Not only are audiences getting less quantitatively, but we are expected to assume a central role in creating meaning out of what is presented onstage. Rather than an expertly crafted piece of theatricalized, stylized, or even pedestrian physical movement that teaches us something new or different about ourselves and our world, we are presented with postmodern mishmashes of images, sounds, and whatnot, out of which we must assemble something of significance. And this assembling is heavy-lifting. It’s different from the personal interpretation that viewers of art have always engaged in with natural ease.

In the contemporary-dance value system, clarity of expression has been replaced by the presentation of an array of stimuli that are simply of some interest to the choreographer. Performances involve us watching the artist “play with his toys” while we draw from the experience whatever we choose.
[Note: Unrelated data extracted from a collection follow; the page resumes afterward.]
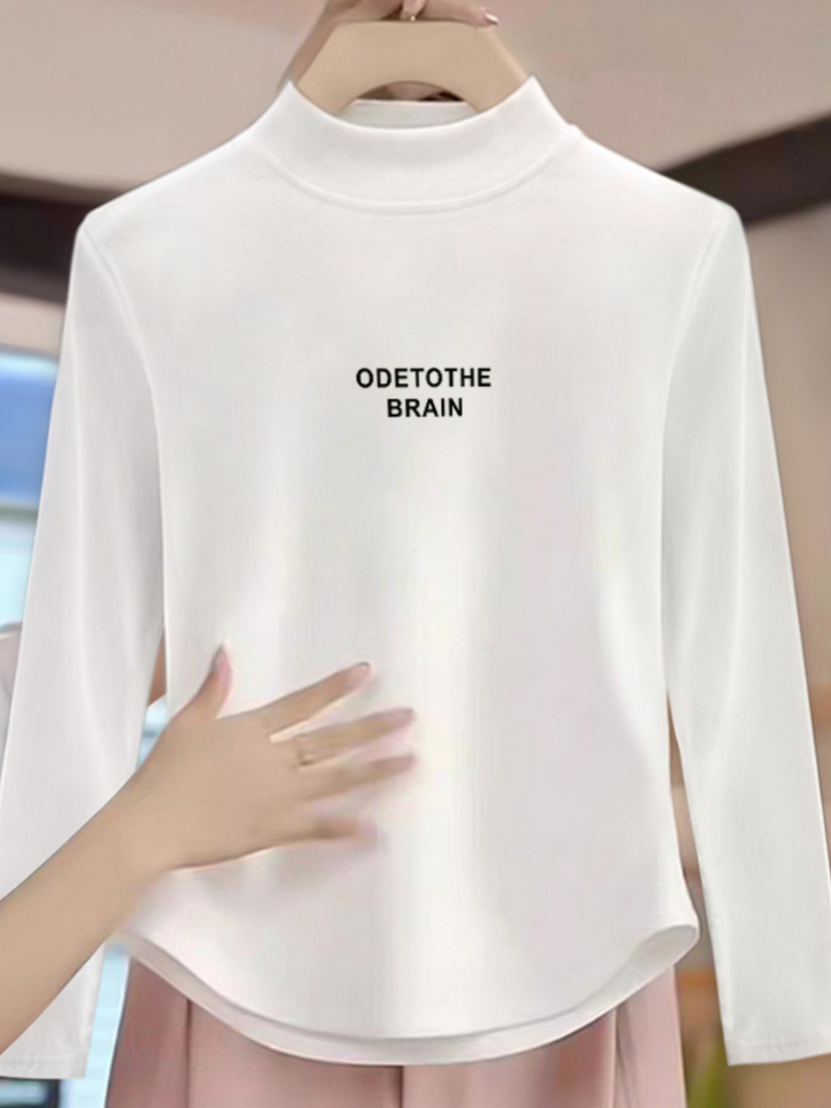 Женская нижняя рубашка, осень и зима, модная, с полувысоким воротником, новинка 2025, футболка из дралона с длинными рукавами, с изгибом подола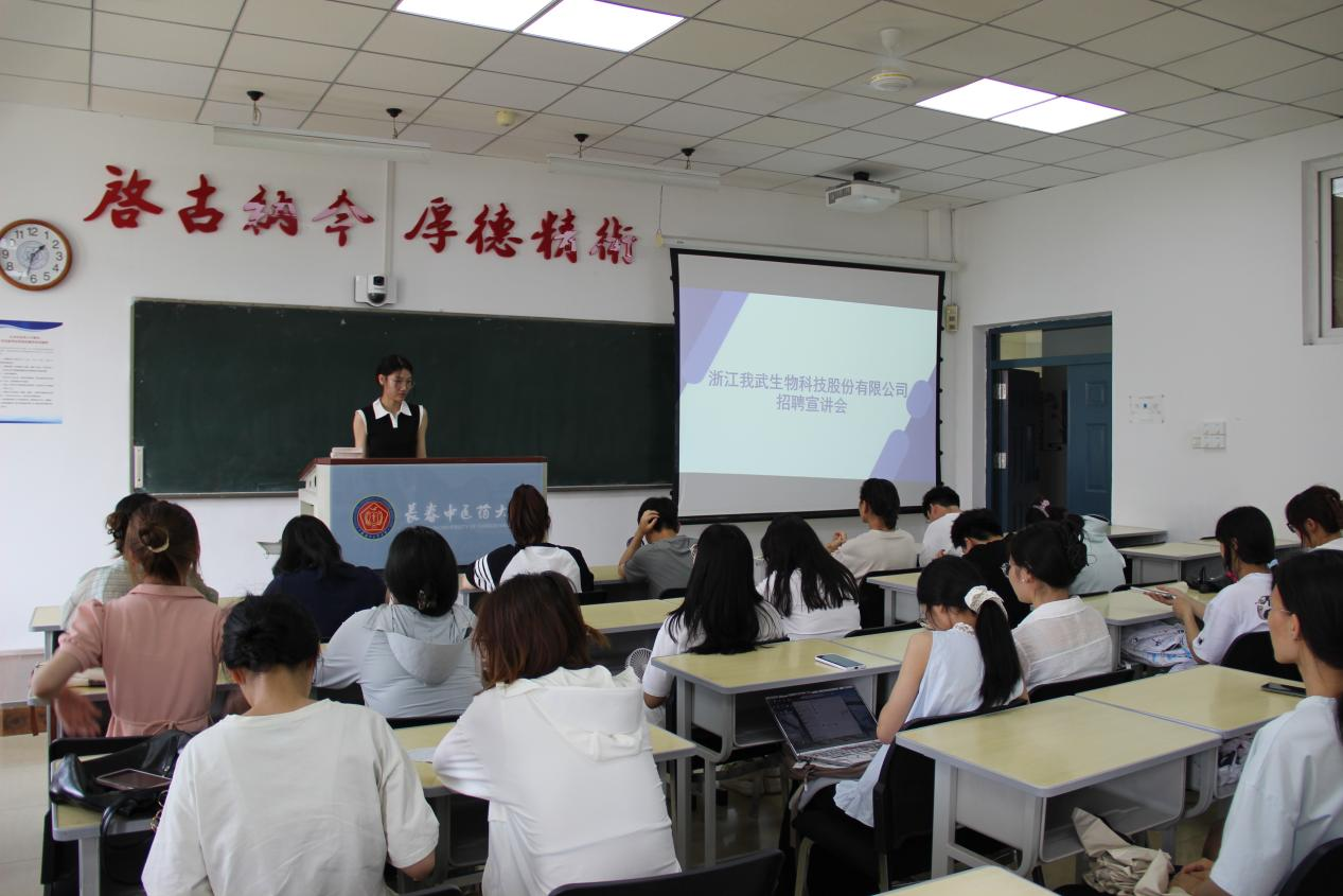 为精准对接优质企业资源,有效拓宽毕业生就业渠道。2025年5月16日,永利集团yl6809官网于行知楼2401教室开展浙江我武生物科技股份有限公司专场宣讲会,本次宣讲由浙江我武生物科技股份有限公司人事经理主持。
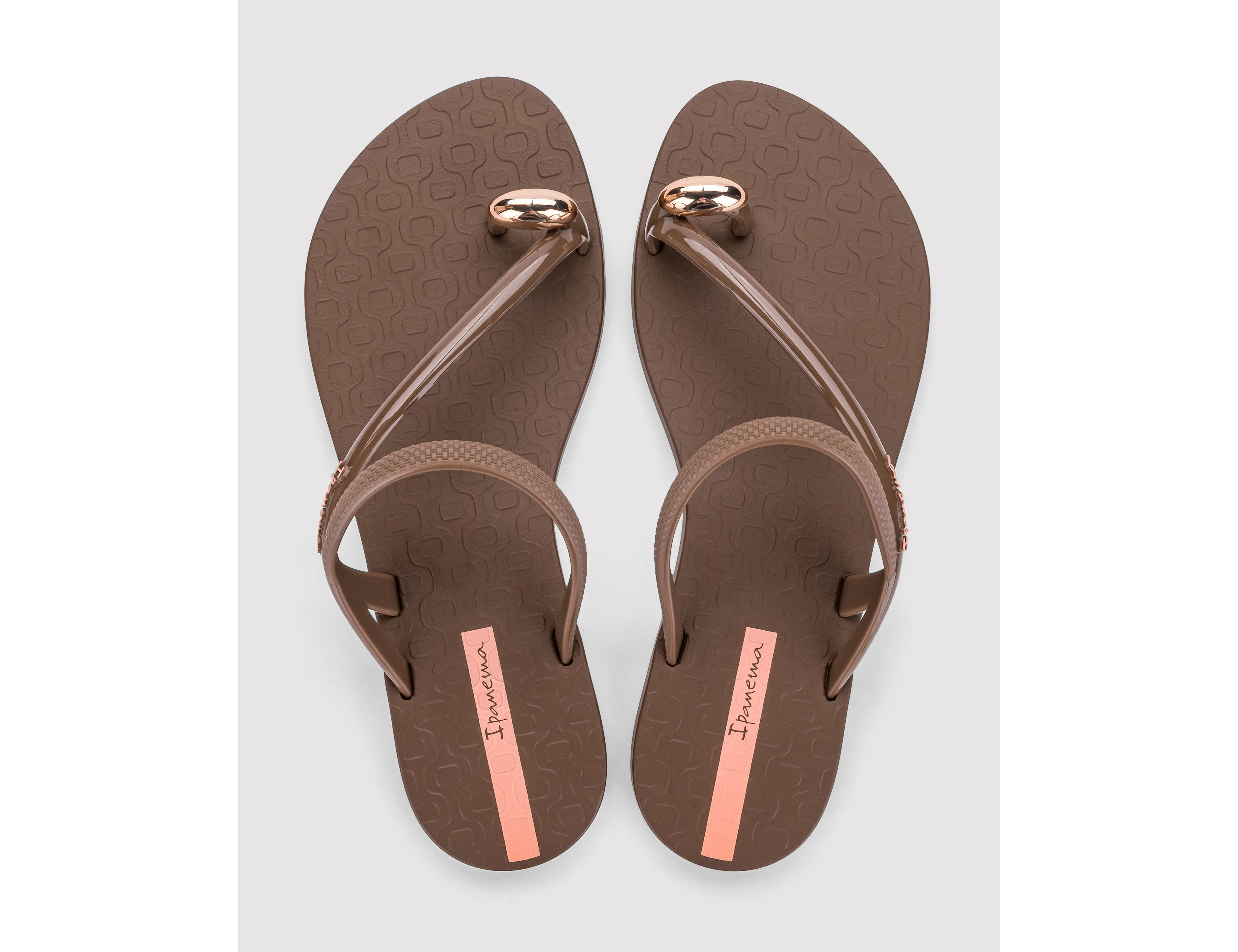 A Ipanema Glam Ring é renovada, devido à forte tendência dos enfeites metálicos no mercado. Apresentamos o modelo em uma nova proposta de slide, mantendo seu enfeite metálico de dedo e o seu elegante cabedal. A novidade fica por conta da adição de uma textura nas tiras, enquanto a tira principal permanece polida, criando um contraste moderno e refinado de texturas.

In “Restless Eye,” a new, nerdy 60-minute work by David Neumann, we see the five members of his company, only two of whom can technically dance, perform intermittent sequences of purposely disjointed movement phrases. We try to watch the videos projected on the back wall of set designer Gordon Landenberger’s gazebo-like structure (possibly a reference to the piece’s Chekhovian stage directions and tableaux), but the door frame and lower wall obstruct most of our view. The performers sometimes wear NeuroSky MindWave headsets that allow them to control changes in Christine Shallenberg’s lighting via their brainwaves. (Don’t ask; I have no idea.) At other times they speak into microphones, telling descriptive anecdotes about places. There are also audio recordings of lunar astronauts from the 1960s.